> EXERCISE AIM
Should an entry contain an image, leave the image out and repeat the entry's text exactly.

> MATERIAL FOR THIS EXERCISE
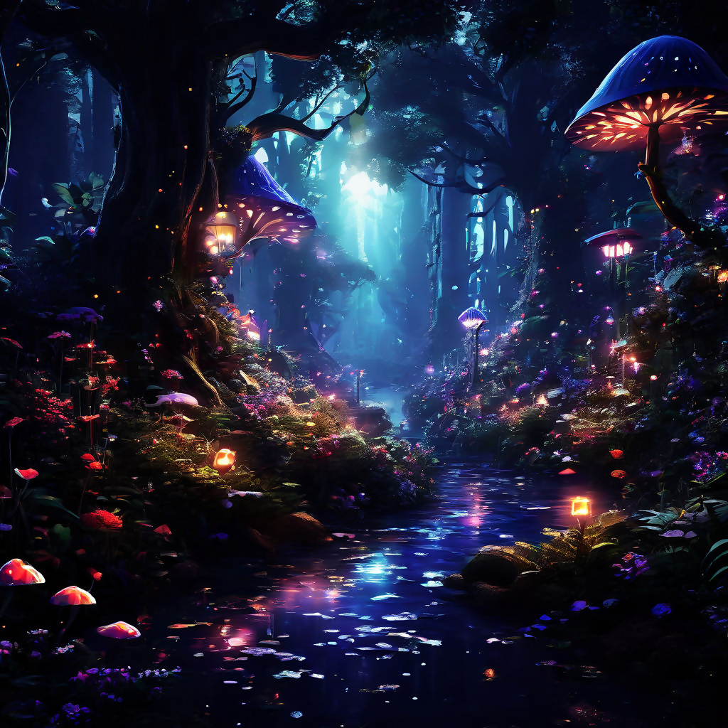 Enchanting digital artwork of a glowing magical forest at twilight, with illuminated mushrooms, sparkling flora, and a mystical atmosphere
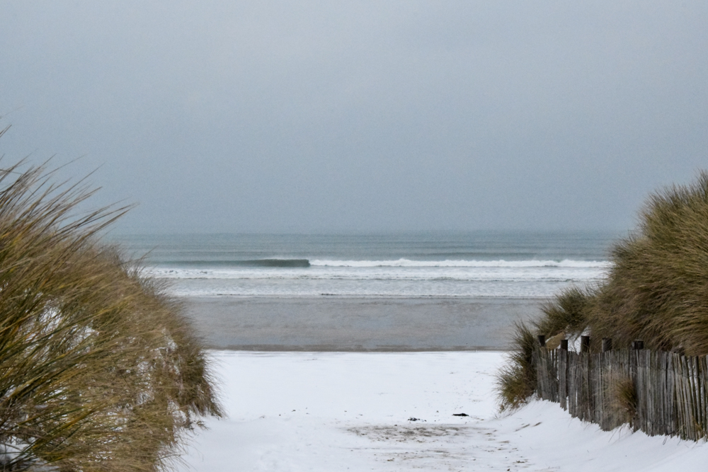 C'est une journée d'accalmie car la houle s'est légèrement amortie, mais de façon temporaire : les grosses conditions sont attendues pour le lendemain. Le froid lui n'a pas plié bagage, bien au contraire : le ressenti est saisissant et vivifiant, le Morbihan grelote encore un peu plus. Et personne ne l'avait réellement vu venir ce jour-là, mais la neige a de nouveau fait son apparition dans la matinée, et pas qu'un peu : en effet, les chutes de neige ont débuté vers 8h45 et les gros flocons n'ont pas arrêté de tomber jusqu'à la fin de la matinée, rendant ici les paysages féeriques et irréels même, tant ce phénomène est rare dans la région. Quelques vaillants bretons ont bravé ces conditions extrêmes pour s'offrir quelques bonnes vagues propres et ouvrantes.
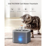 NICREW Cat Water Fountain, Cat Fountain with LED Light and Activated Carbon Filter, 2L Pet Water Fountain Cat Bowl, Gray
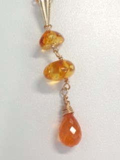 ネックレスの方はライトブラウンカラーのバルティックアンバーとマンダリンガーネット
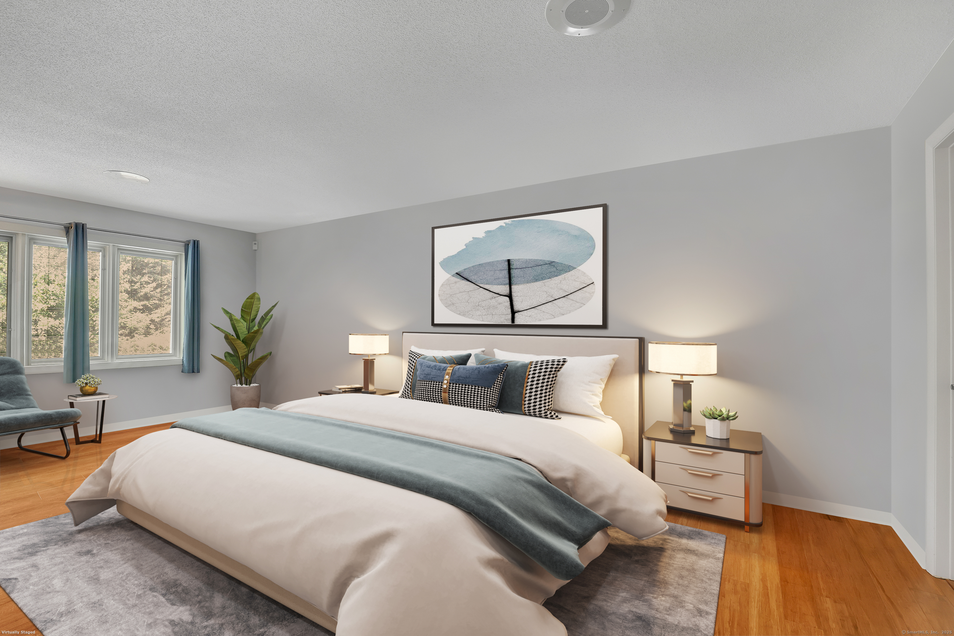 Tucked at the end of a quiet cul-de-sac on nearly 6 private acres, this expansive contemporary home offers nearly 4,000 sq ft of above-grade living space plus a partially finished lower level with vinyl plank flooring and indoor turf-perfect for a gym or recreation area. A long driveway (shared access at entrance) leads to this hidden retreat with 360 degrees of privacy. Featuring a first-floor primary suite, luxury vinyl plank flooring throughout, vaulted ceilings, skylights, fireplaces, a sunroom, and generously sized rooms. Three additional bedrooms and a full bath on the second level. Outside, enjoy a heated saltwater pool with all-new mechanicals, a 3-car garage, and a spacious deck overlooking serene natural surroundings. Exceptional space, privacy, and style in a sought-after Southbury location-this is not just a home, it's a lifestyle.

> WRITTEN ANSWER
 Enchanting digital artwork of a glowing magical forest at twilight, with illuminated mushrooms, sparkling flora, and a mystical atmosphere
 C'est une journée d'accalmie car la houle s'est légèrement amortie, mais de façon temporaire : les grosses conditions sont attendues pour le lendemain. Le froid lui n'a pas plié bagage, bien au contraire : le ressenti est saisissant et vivifiant, le Morbihan grelote encore un peu plus. Et personne ne l'avait réellement vu venir ce jour-là, mais la neige a de nouveau fait son apparition dans la matinée, et pas qu'un peu : en effet, les chutes de neige ont débuté vers 8h45 et les gros flocons n'ont pas arrêté de tomber jusqu'à la fin de la matinée, rendant ici les paysages féeriques et irréels même, tant ce phénomène est rare dans la région. Quelques vaillants bretons ont bravé ces conditions extrêmes pour s'offrir quelques bonnes vagues propres et ouvrantes.
 NICREW Cat Water Fountain, Cat Fountain with LED Light and Activated Carbon Filter, 2L Pet Water Fountain Cat Bowl, Gray
 ネックレスの方はライトブラウンカラーのバルティックアンバーとマンダリンガーネット
 Tucked at the end of a quiet cul-de-sac on nearly 6 private acres, this expansive contemporary home offers nearly 4,000 sq ft of above-grade living space plus a partially finished lower level with vinyl plank flooring and indoor turf-perfect for a gym or recreation area. A long driveway (shared access at entrance) leads to this hidden retreat with 360 degrees of privacy. Featuring a first-floor primary suite, luxury vinyl plank flooring throughout, vaulted ceilings, skylights, fireplaces, a sunroom, and generously sized rooms. Three additional bedrooms and a full bath on the second level. Outside, enjoy a heated saltwater pool with all-new mechanicals, a 3-car garage, and a spacious deck overlooking serene natural surroundings. Exceptional space, privacy, and style in a sought-after Southbury location-this is not just a home, it's a lifestyle.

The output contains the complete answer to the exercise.